(Records excerpted from a collection)
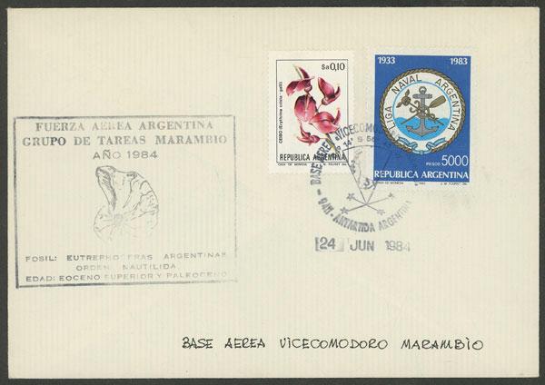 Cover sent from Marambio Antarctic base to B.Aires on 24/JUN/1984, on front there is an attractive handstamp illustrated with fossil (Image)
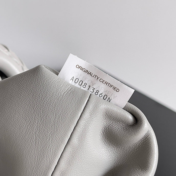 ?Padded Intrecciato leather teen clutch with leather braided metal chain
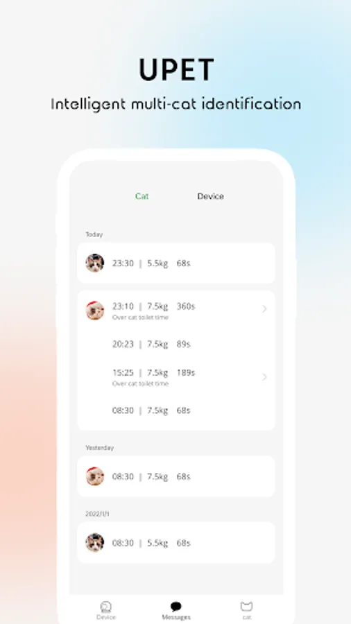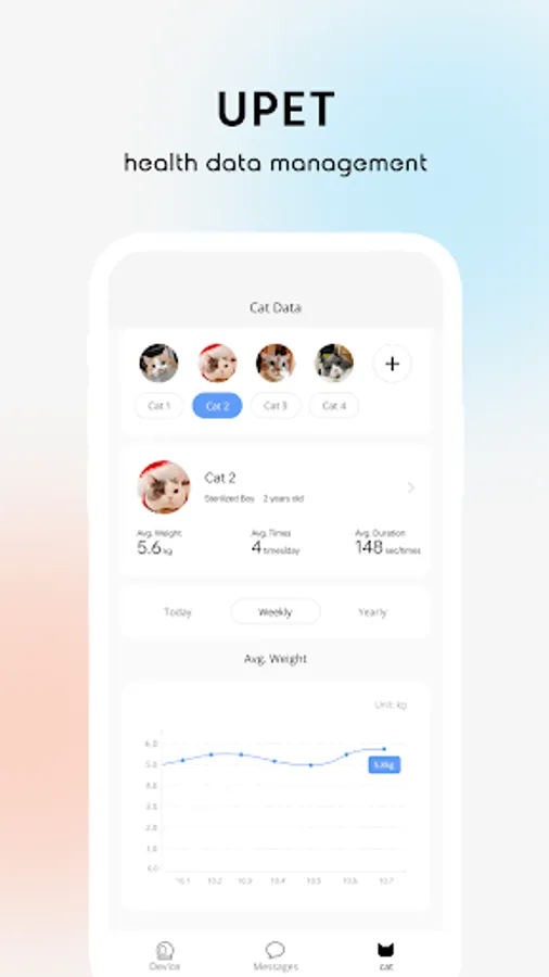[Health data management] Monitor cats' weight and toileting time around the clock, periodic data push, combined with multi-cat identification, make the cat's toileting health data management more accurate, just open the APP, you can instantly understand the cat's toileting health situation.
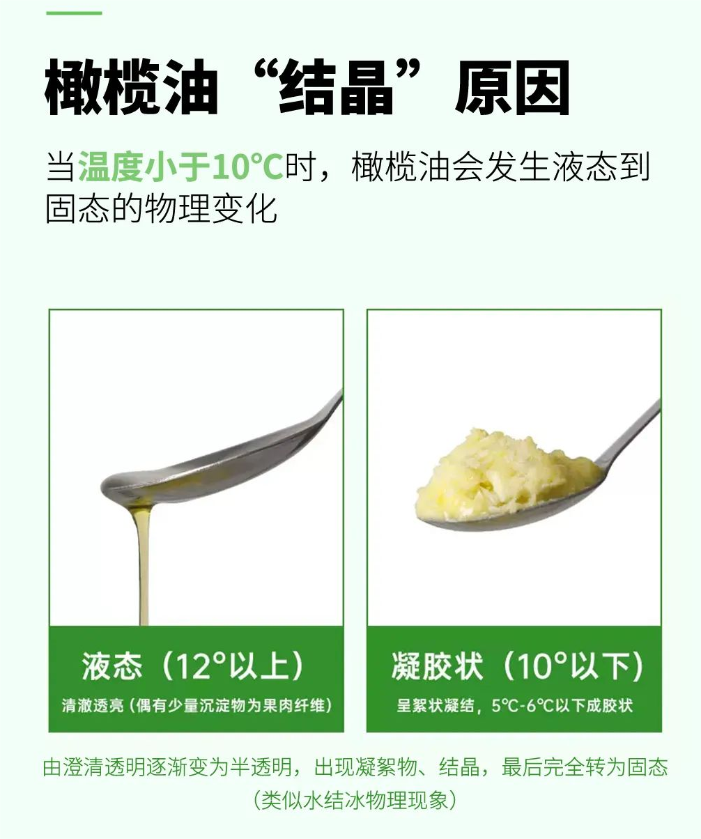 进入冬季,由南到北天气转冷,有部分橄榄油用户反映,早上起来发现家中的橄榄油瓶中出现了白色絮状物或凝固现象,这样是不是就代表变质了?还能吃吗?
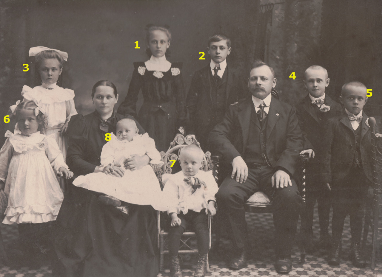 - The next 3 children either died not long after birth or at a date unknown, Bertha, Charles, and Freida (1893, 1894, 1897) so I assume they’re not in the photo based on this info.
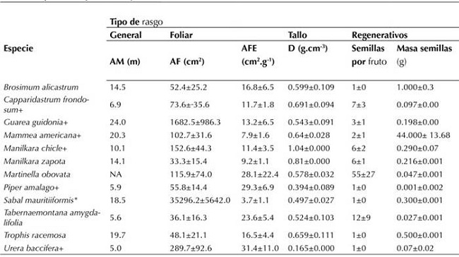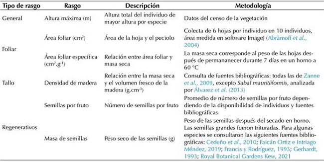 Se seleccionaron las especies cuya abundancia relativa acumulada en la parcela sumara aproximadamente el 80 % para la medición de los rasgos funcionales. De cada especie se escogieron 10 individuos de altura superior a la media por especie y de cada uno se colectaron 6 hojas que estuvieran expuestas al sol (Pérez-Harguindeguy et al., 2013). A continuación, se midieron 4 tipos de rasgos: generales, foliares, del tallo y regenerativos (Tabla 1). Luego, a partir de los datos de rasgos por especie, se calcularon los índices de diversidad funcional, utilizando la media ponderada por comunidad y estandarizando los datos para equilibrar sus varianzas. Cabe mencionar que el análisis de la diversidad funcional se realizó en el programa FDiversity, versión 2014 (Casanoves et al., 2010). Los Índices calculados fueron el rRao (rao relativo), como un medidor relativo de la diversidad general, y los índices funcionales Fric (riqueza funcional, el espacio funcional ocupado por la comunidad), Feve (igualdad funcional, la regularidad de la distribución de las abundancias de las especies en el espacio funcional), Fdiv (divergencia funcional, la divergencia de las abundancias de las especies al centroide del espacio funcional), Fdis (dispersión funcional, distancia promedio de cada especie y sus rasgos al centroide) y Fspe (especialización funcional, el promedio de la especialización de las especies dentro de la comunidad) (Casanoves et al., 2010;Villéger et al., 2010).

- **Instructions for the task**: Write out the entries again, word for word. No images.

- **Task answer**:
 Cover sent from Marambio Antarctic base to B.Aires on 24/JUN/1984, on front there is an attractive handstamp illustrated with fossil (Image)
 ?Padded Intrecciato leather teen clutch with leather braided metal chain
[Health data management] Monitor cats' weight and toileting time around the clock, periodic data push, combined with multi-cat identification, make the cat's toileting health data management more accurate, just open the APP, you can instantly understand the cat's toileting health situation.
 进入冬季,由南到北天气转冷,有部分橄榄油用户反映,早上起来发现家中的橄榄油瓶中出现了白色絮状物或凝固现象,这样是不是就代表变质了?还能吃吗?
 - The next 3 children either died not long after birth or at a date unknown, Bertha, Charles, and Freida (1893, 1894, 1897) so I assume they’re not in the photo based on this info.
 Se seleccionaron las especies cuya abundancia relativa acumulada en la parcela sumara aproximadamente el 80 % para la medición de los rasgos funcionales. De cada especie se escogieron 10 individuos de altura superior a la media por especie y de cada uno se colectaron 6 hojas que estuvieran expuestas al sol (Pérez-Harguindeguy et al., 2013). A continuación, se midieron 4 tipos de rasgos: generales, foliares, del tallo y regenerativos (Tabla 1). Luego, a partir de los datos de rasgos por especie, se calcularon los índices de diversidad funcional, utilizando la media ponderada por comunidad y estandarizando los datos para equilibrar sus varianzas. Cabe mencionar que el análisis de la diversidad funcional se realizó en el programa FDiversity, versión 2014 (Casanoves et al., 2010). Los Índices calculados fueron el rRao (rao relativo), como un medidor relativo de la diversidad general, y los índices funcionales Fric (riqueza funcional, el espacio funcional ocupado por la comunidad), Feve (igualdad funcional, la regularidad de la distribución de las abundancias de las especies en el espacio funcional), Fdiv (divergencia funcional, la divergencia de las abundancias de las especies al centroide del espacio funcional), Fdis (dispersión funcional, distancia promedio de cada especie y sus rasgos al centroide) y Fspe (especialización funcional, el promedio de la especialización de las especies dentro de la comunidad) (Casanoves et al., 2010;Villéger et al., 2010).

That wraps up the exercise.